## Supplied records
----------
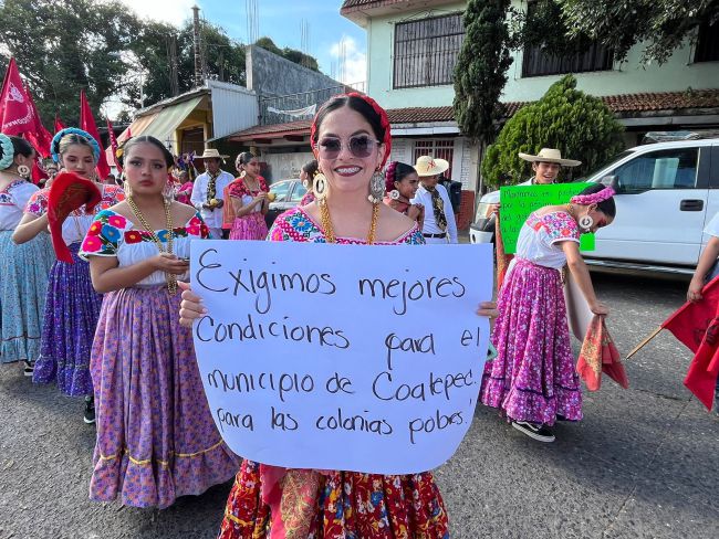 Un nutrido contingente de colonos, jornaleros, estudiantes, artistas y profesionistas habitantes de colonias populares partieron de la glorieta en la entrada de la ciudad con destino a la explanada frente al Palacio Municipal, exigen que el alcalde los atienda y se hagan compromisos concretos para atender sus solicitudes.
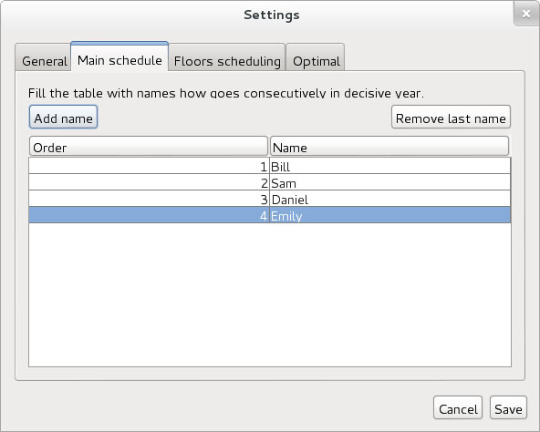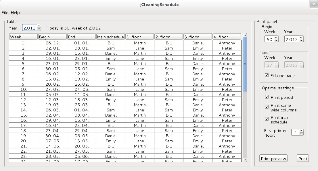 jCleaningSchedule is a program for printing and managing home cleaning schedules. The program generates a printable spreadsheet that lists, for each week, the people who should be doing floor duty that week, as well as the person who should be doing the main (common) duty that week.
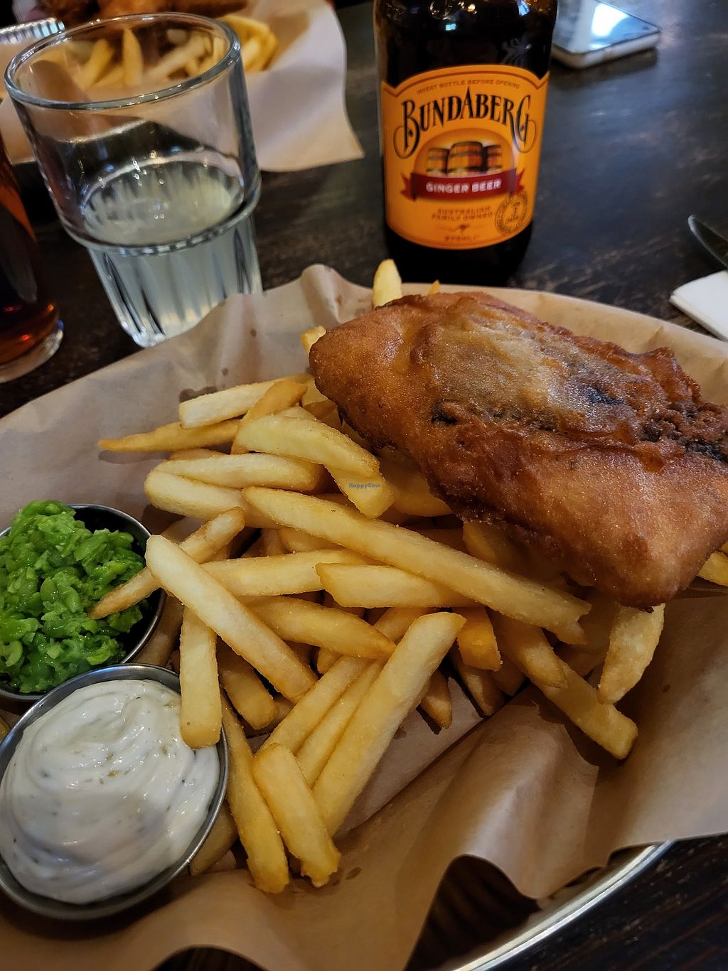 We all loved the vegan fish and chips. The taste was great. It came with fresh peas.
----------
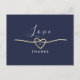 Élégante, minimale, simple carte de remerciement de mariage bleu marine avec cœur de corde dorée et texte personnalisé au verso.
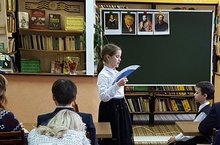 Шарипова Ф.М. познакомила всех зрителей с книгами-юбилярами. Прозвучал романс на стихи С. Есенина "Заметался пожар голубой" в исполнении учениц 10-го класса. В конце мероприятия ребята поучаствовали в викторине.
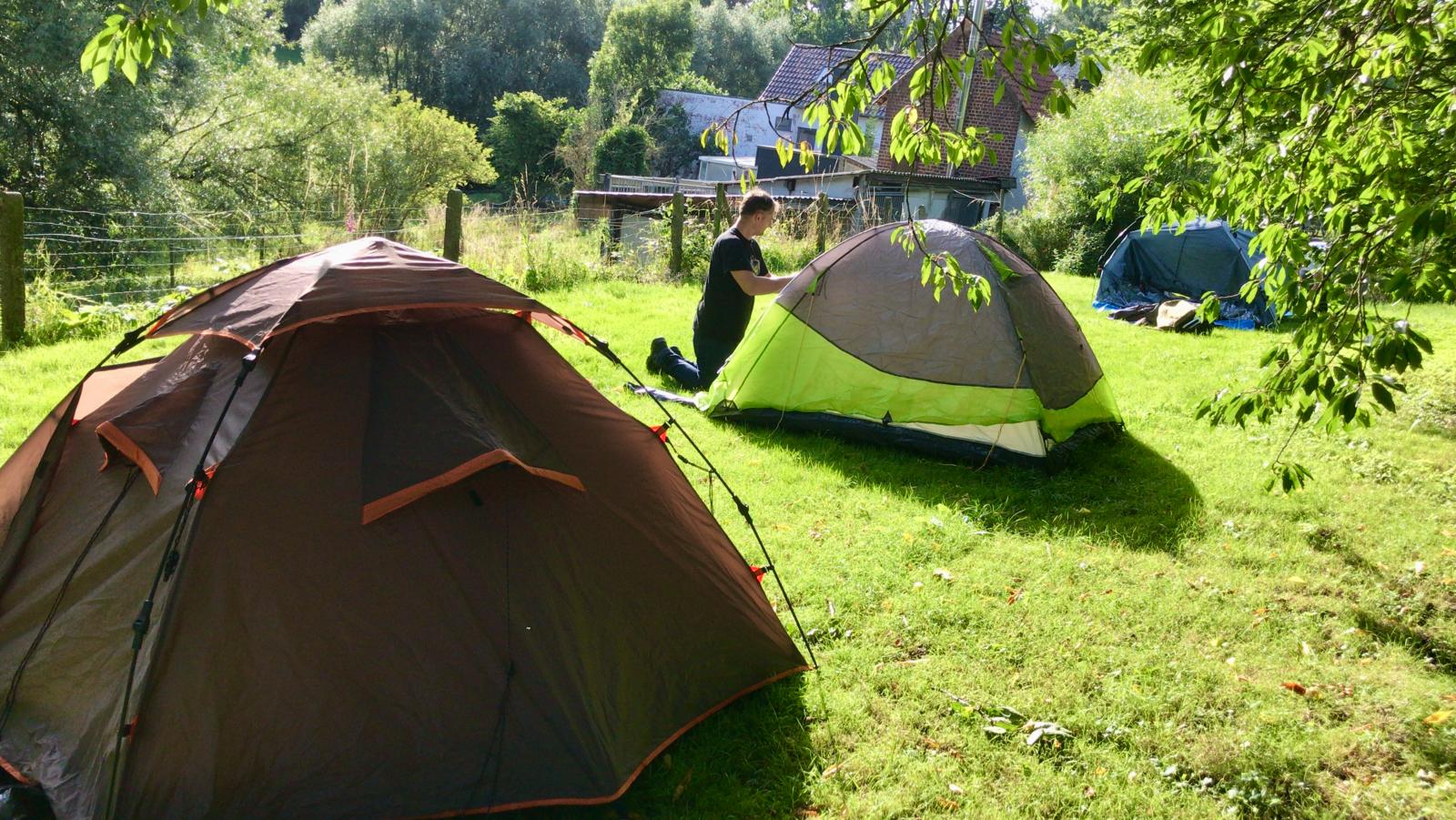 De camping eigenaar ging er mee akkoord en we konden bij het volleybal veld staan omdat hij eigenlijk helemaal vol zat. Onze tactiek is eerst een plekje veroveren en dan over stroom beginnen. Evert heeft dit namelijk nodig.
----------
## Requirement
From the records above, return exactly the lines running from the one that contains "Un nutrido contingente" down to the one that contains "We all loved", both included, without any pictures.

## Finished exercise
 Un nutrido contingente de colonos, jornaleros, estudiantes, artistas y profesionistas habitantes de colonias populares partieron de la glorieta en la entrada de la ciudad con destino a la explanada frente al Palacio Municipal, exigen que el alcalde los atienda y se hagan compromisos concretos para atender sus solicitudes.
 jCleaningSchedule is a program for printing and managing home cleaning schedules. The program generates a printable spreadsheet that lists, for each week, the people who should be doing floor duty that week, as well as the person who should be doing the main (common) duty that week.
 We all loved the vegan fish and chips. The taste was great. It came with fresh peas.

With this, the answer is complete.